Uchaguzi
Founded | 2010 |
---|---|
Type | Community Initiative |
Location | |
Region served | Global |
Origin | Nairobi, Kenya |
Founders | Ushahidi, Hivos INFONET |
Volunteers | 150-250 |
Website | Uchaguzi Website |
Uchaguzi is a joint initiative spearheaded by Ushahidi in 2010 to monitor the Kenyan constitutional referendum. Ushahidi collaborated with the Hivos Foundation, the Constitution and Reform Education Consortium (CRECO), INFONET, and the Canadian International Development Agency (CIDA) to develop an ICT platform, which enables citizens, the civil society, election observers, law enforcement agencies and humanitarian response agencies to monitor election incidents of significance using any technology at their disposal.
The initiative has since successfully been implemented in the 2010 Tanzanian general elections, the 2011 Zambian general elections and in the 2013 Kenyan general elections.
Background
In 2010, Ushahidi collaborated with the Hivos Foundation, the Constitution & Reform Education Consortium (CRECO), the Canadian International Development Agency (CIDA) and SODNET to create the Uchaguzi-Kenya election incidence reporting platform that is closely based on the Ushahidi crowd sourcing software.
One of the resolutions of the meeting was that a programme entitled "Election Watch for East Africa 2010 – 2013" be developed.

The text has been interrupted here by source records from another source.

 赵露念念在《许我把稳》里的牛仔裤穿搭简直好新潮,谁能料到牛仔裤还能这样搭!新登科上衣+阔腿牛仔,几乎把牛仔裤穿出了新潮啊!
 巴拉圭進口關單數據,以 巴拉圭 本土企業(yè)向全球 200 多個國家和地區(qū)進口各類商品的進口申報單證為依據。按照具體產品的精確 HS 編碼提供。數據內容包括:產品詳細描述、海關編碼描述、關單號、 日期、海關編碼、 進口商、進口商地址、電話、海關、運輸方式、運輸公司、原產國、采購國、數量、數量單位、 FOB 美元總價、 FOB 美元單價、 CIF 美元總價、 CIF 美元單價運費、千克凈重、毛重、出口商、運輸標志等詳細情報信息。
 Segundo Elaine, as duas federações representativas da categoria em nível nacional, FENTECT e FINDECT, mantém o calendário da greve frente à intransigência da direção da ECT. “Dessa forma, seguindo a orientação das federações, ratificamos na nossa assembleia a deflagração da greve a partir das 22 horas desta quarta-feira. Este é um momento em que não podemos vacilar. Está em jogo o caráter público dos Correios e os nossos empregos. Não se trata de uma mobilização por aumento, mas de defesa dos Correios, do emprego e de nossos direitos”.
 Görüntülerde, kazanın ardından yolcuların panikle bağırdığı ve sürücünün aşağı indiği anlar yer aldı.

The Constitutional Referendum in Kenya was seen as a pre-test of the tools and methods to be used in monitoring the upcoming electoral processes in the East African region (Tanzania – October 2010, Uganda – March 2011 and Kenya - March 2013).
The platform of Uchaguzi was thus established, a short code was sourced and popularized throughout the country, and 550 observers were trained and deployed in identified constituencies. The result was a momentous data and information flow which instantaneously portrayed the state of Kenya before during and after the referendum.[1]

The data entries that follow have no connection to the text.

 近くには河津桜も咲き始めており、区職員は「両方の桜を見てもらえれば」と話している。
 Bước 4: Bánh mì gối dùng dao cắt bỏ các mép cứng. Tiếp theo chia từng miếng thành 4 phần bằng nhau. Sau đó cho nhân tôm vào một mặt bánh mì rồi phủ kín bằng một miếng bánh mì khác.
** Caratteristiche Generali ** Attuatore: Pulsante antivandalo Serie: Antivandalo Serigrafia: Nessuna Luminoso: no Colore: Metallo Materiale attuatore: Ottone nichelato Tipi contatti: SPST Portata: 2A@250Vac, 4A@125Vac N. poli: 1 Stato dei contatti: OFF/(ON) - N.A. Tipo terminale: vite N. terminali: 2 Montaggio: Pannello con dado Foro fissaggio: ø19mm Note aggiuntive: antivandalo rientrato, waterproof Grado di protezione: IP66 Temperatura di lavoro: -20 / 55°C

2013 Kenyan General Elections
Uchaguzi aims to help Kenyans have a free, fair, peaceful and credible general election. Its key strategy is to increase the transparency and accountability of the electoral process through active citizen participation in the electoral cycles. Uchaguzi's strategy revolves around connecting civil society and citizen information to respond to electoral issues rapidly.
Through its reporting platform, Uchaguzi enables unprecedented collaboration between the Kenyan citizenry, election observers, humanitarian response agencies, the civil society, community-based organisations, law enforcement agencies and digital humanitarians to monitor the 2013 general elections in near real-time.

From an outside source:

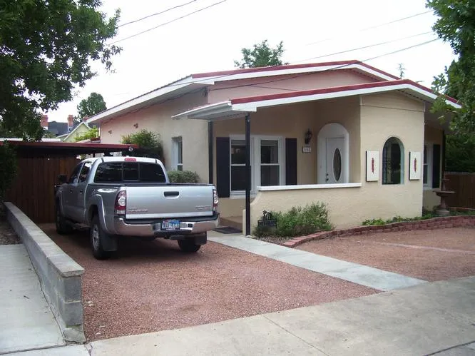 Located near downtown and the university, this 2 bedroom, 2 bath stucco home offers low maintenance and warmth for any new buyer. Property includes 1,543 sq.ft. residence with a 529 sq.ft. apartment in back, 6 storage buildings, and xeriscaped yard with sprinkler system in front and back. Home has been remodeled with new vinyl double pane windows, new plumbing and electrical throughout, and new metal roof. All walls have been re-sheetrocked, textured and painted. Residence offers a formal foyer, cozy living room with gas log fireplace, separate sitting area, office space, formal dining room, and spacious bedrooms. Master bedroom has attached bathroom and enormous walk-in closet and storage space. Back yard is an oasis with several fruit trees, shade trees, sidewalks, grill area, two covered patios, and two wash sinks. Extras include a 2 car carport, central heat & air, cedar fence, kitchen appliances, and well insulated. Call for an appointment today!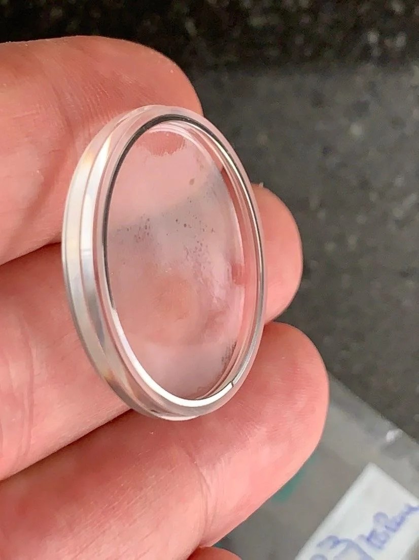 o The plastic sidewalls are about 1.0mm thick, so you will have to file down the base by about 0.2mm around, reducing the diameter of this section by 0.4mm to achieve the 29.5mm diameter needed to fit the watch.

Uchaguzi went live on 2 March 2013 in readiness for the 4 March General election. The key components were:
Data: the main focus of Uchaguzi and the source of most of the reports is ordinary citizen. We want people to send us any information on the election/electoral process that they feel is significant Verification: the process through which Uchaguzi evaluates information and determines how credible it is Response: Amplifying verified information to organisations and individuals who can intervene positively and monitoring that response to measure its effectiveness.
References
- ^ "About Uchaguzi". Constitutional and Reform Educational Consortium. Retrieved 5 March 2013.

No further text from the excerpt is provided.